Collected data entries:
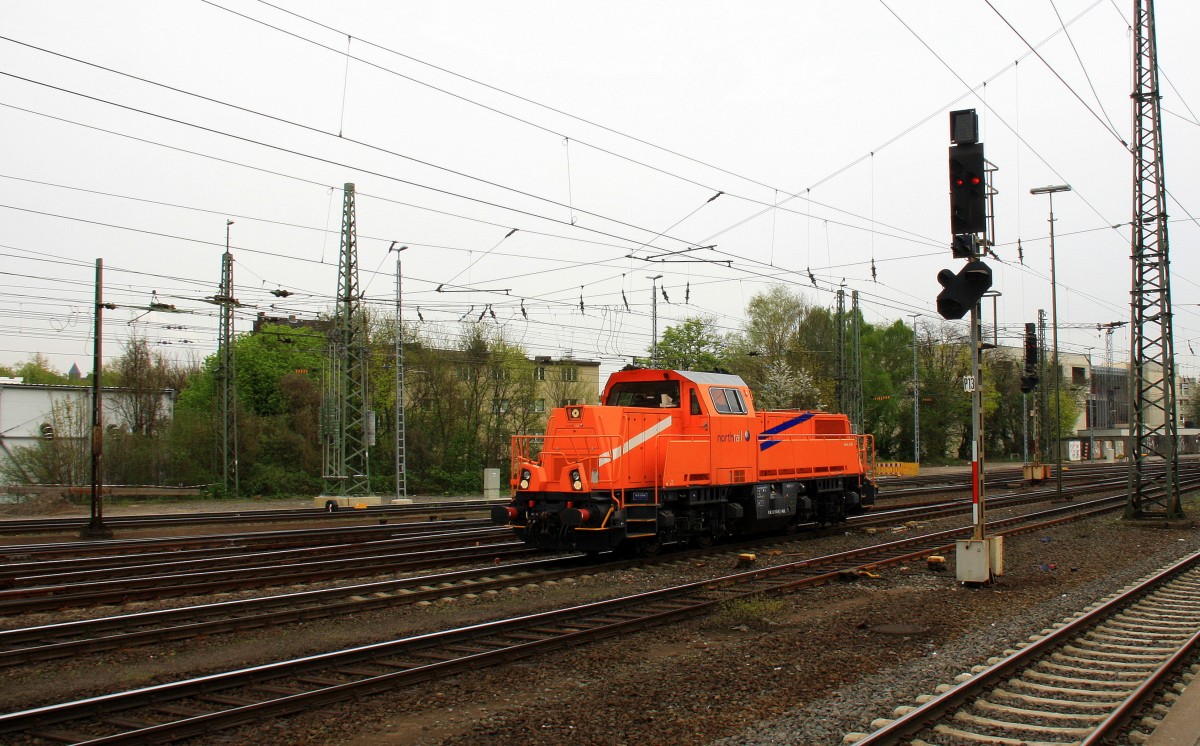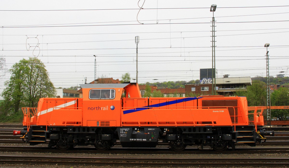 261 300-8 von Northrail und der Rurtalbahn kommt als Lokzug aus Stolberg(Rheinland) und fährt in Aachen-West ein. Aufgenommen vom Bahnsteig in Aachen-West bei Sonne und Wolken am Nachmittag vom 4.4.2014.
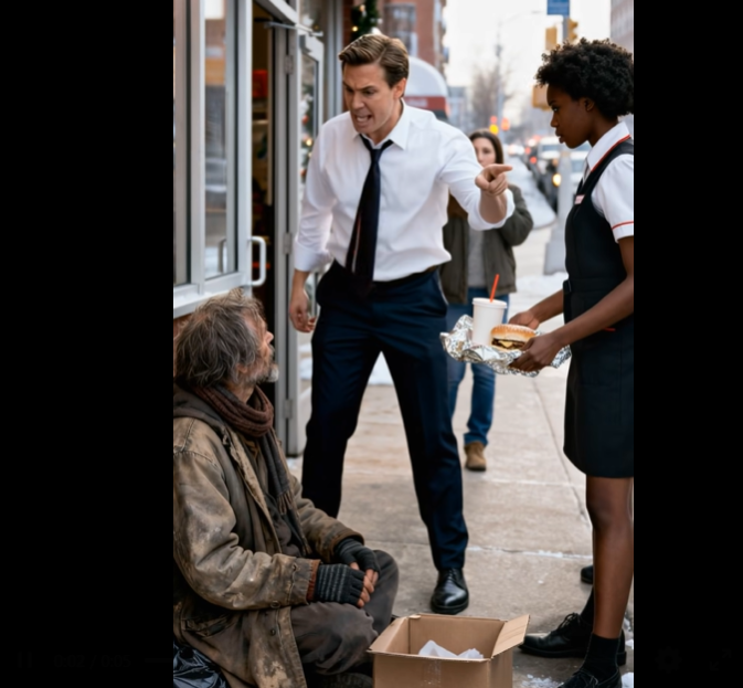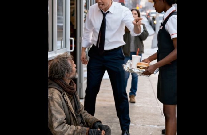 „Co si myslíš, že děláš?“ vykřikl a ukázal na talíř. „Tenhle člověk nezaplatil! U nás jídlo zdarma nedáváme! Okamžitě to vezmi zpátky.“
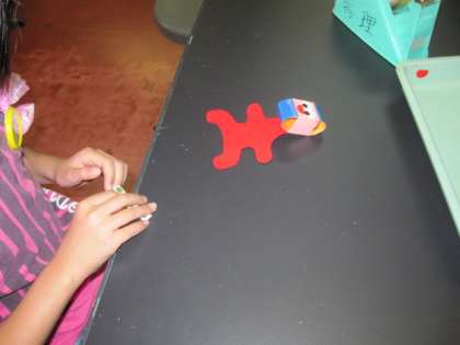 高学年は実験室学習があります。Nさんは日下部先生と一緒に実験室に行き、コロコロ人形を作りました。「簡単やったぁ!」と言っていました。
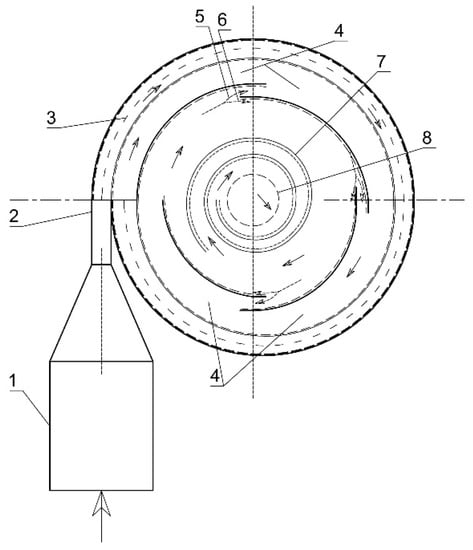 Based on the results of previous studies [,], a model of a multi-channel spiral cyclone-electrostatic filter was developed. The initial version of the mock-up was produced under laboratory conditions to study the flow characteristics of the gas flow and the fractional trapping efficiency of the particles. The main part of the device is shown in Figure 1. Only a schematic diagram of the device is provided, which describes the operation, as a European patent application is being prepared for this device, which will be submitted for consideration in the near future.
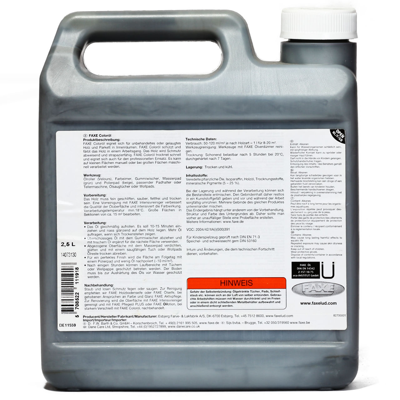 Das FAXE Coloröl wird für unbehandeltes oder gelaugtes Massivholz und Parkett im Wohn- und Objektbereich verwendet. Das Coloröl schützt und färbt das Holz in einem Arbeitsgang und macht es schmutzabweisend und strapazierfähig. Das FAXE Coloröl trocknet schnell und eignet sich auch für den professionellen Einsatz. Es kann auf kleinen Flächen manuell oder bei großen Flächen maschinell verarbeitet werden.
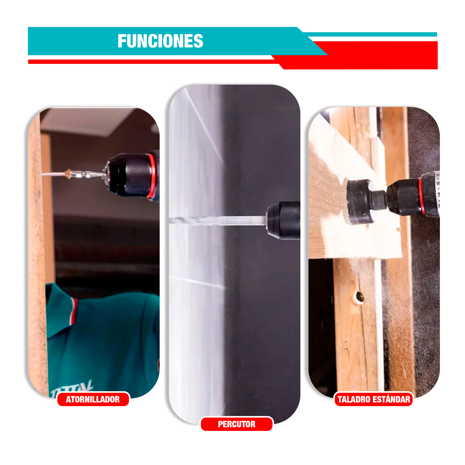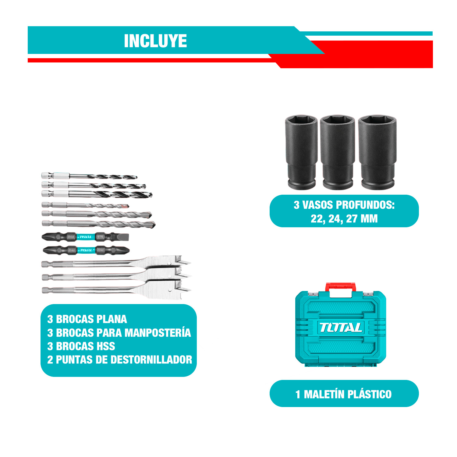 ESTE COMBO COMPLETO INCLUYE; 1 LLAVE DE IMPACTO; 1 TALADRO IMPACTO; 3 BROCAS PLANAS; 3 BROCAS MAMPOSTERÍA; 3 BROCAS HSS; 2 PUNTAS DESTORNILLADOR; 3 VASOS LARGOS; 2 BATERÍAS 4Ah; 1 CARGADOR.

What you will do: This exercise calls for the records to be given again exactly, without the images.

Solution to this problem:
 261 300-8 von Northrail und der Rurtalbahn kommt als Lokzug aus Stolberg(Rheinland) und fährt in Aachen-West ein. Aufgenommen vom Bahnsteig in Aachen-West bei Sonne und Wolken am Nachmittag vom 4.4.2014.
 „Co si myslíš, že děláš?“ vykřikl a ukázal na talíř. „Tenhle člověk nezaplatil! U nás jídlo zdarma nedáváme! Okamžitě to vezmi zpátky.“
 高学年は実験室学習があります。Nさんは日下部先生と一緒に実験室に行き、コロコロ人形を作りました。「簡単やったぁ!」と言っていました。
 Based on the results of previous studies [,], a model of a multi-channel spiral cyclone-electrostatic filter was developed. The initial version of the mock-up was produced under laboratory conditions to study the flow characteristics of the gas flow and the fractional trapping efficiency of the particles. The main part of the device is shown in Figure 1. Only a schematic diagram of the device is provided, which describes the operation, as a European patent application is being prepared for this device, which will be submitted for consideration in the near future.
 Das FAXE Coloröl wird für unbehandeltes oder gelaugtes Massivholz und Parkett im Wohn- und Objektbereich verwendet. Das Coloröl schützt und färbt das Holz in einem Arbeitsgang und macht es schmutzabweisend und strapazierfähig. Das FAXE Coloröl trocknet schnell und eignet sich auch für den professionellen Einsatz. Es kann auf kleinen Flächen manuell oder bei großen Flächen maschinell verarbeitet werden.
 ESTE COMBO COMPLETO INCLUYE; 1 LLAVE DE IMPACTO; 1 TALADRO IMPACTO; 3 BROCAS PLANAS; 3 BROCAS MAMPOSTERÍA; 3 BROCAS HSS; 2 PUNTAS DESTORNILLADOR; 3 VASOS LARGOS; 2 BATERÍAS 4Ah; 1 CARGADOR.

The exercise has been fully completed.